To install gdi-userportal-ckanext-fairdatapoint:

  1. Activate your CKAN virtual environment, for example:

    . /usr/lib/ckan/default/bin/activate

  2. Clone the source and install it on the virtualenv

    git clone https://github.com/GenomicDataInfrastructure/gdi-userportal-ckanext-fairdatapoint.git cd gdi-userportal-ckanext-fairdatapoint pip install -e . pip install -r requirements.txt

  3. Add fairdatapoint to the ckan.plugins setting in your CKAN config file (by default the config file is located at /etc/ckan/default/ckan.ini).

  4. Restart CKAN. For example if you've deployed CKAN with Apache on Ubuntu:

    sudo service apache2 reload

Config settings

Catalog harvesting

There is a setting ckanext.fairdatapoint.harvest_catalogs. Default is false. If set to true, CKAN will harvest catalogs as datasets.

The setting can be overriden in the harvester profile, by setting "harvest_catalogs": "true" or "harvest_catalogs": "false" in the harvester configuration JSON.

Label resolving

The harvester supports the resolving of labels for fields defined as a (resolvable) URI. Examples of this include Wikidata entities. There is a setting ckanext.fairdatapoint.resolve_labels. Default is true, but you can disable it globally by explicitly setting it to false.

The setting can be overriden in the harvester profile, by setting "resolve_labels": "true" or "resolve_labels": "false" in the harvester configuration JSON.

Developer installation

To install ckanext-fairdatapoint for development, activate your CKAN virtualenv and do:

git clone https://github.com/GenomicDataInfrastructure/gdi-userportal-ckanext-fairdatapoint.git
cd gdi-userportal-ckanext-fairdatapoint
python setup.py develop
pip install -r dev-requirements.txt

Fairdatapoint plugin depends on ckanext-scheming, ckanext-harvester and ckanext-dcat. Make sure these are installed, otherwise run:

pip install -e 'git+https://github.com/ckan/ckanext-scheming.git@release-3.0.0#egg=ckanext-scheming[requirements]'
pip install -e 'git+https://github.com/ckan/ckanext-harvest.git@v1.6.0#egg=ckanext-harvest[requirements]'
pip install -e 'git+https://github.com/ckan/ckanext-dcat.git@v2.1.0#egg=ckanext-dcat'
pip install -r https://raw.githubusercontent.com/ckan/ckanext-dcat/v2.1.0/requirements.txt

Tests

To run the tests go to GDI harvester test information

Releasing a new version of ckanext-fairdatapoint

If ckanext-fairdatapoint should be available on PyPI you can follow these steps to publish a new version:

  1. Update the version number in the setup.py file. See PEP 440 for how to choose version numbers.

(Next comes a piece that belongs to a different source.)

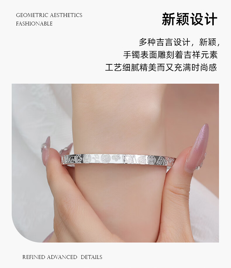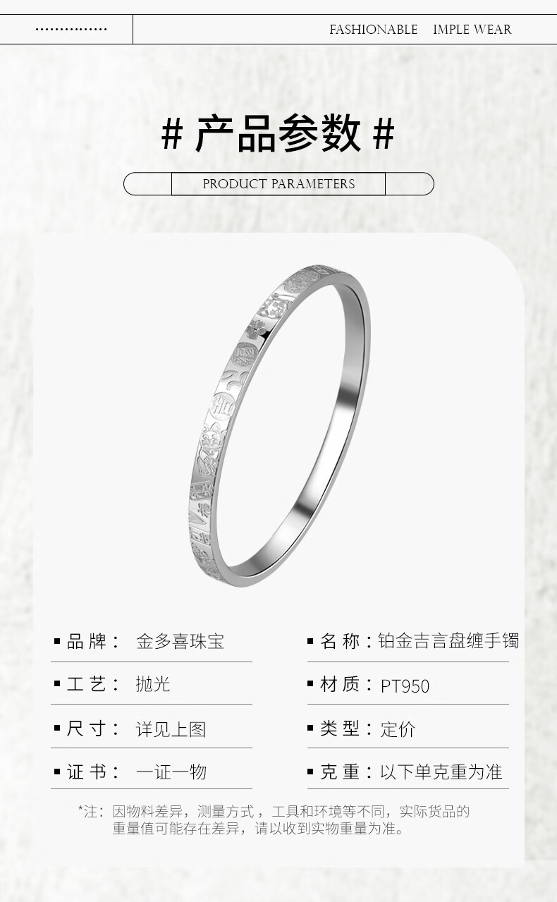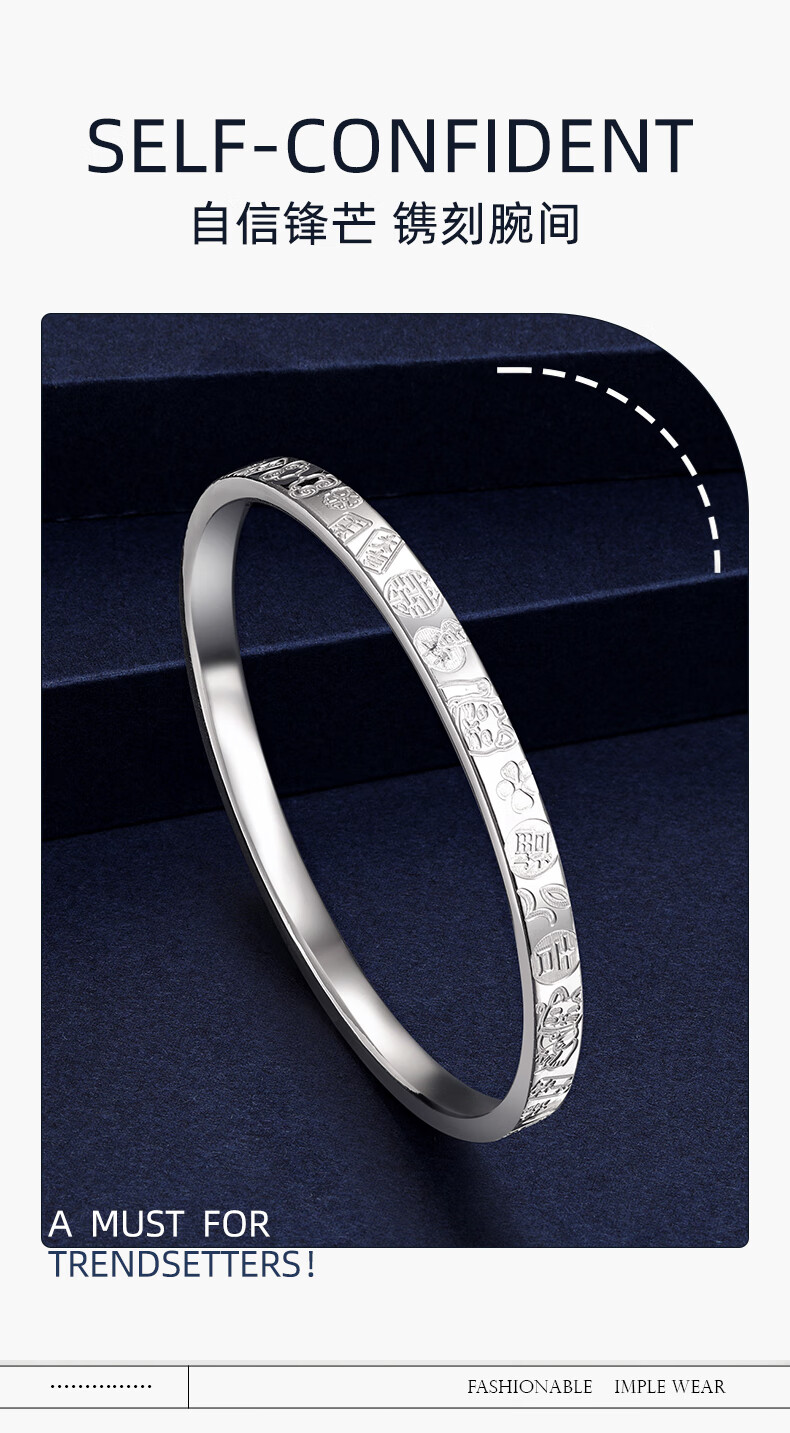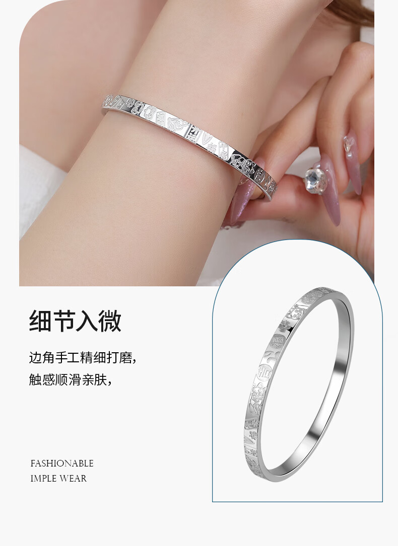 Jin Duoxi's new platinum bracelet for women pt950 bracelet with a round solid mouth, platinum bracelet, auspicious bracelet for women, gift for women, round mouth 52, width 5.1MM, weight 13.89 grams

  2. Make sure you have the latest version of necessary packages:

    pip install --upgrade setuptools wheel twine

  3. Create a source and binary distributions of the new version:

    python setup.py sdist bdist_wheel && twine check dist/*
    

    Fix any errors you get.

  4. Upload the source distribution to PyPI:

    twine upload dist/*
    
  5. Commit any outstanding changes:

    git commit -a
    git push
    
  6. Tag the new release of the project on GitHub with the version number from the setup.py file. For example if the version number in setup.py is 0.0.1 then do:

    git tag 0.0.1
    git push --tags
    

License

This work is licensed under multiple licenses. Because keeping this section up-to-date is challenging, here is a brief summary as of January 2024:

  • All original source code is licensed under AGPL.
  • All documentation is licensed under CC-BY-4.0.
  • Some configuration and data files are licensed under CC-BY-4.0.
  • For more accurate information, check the individual files.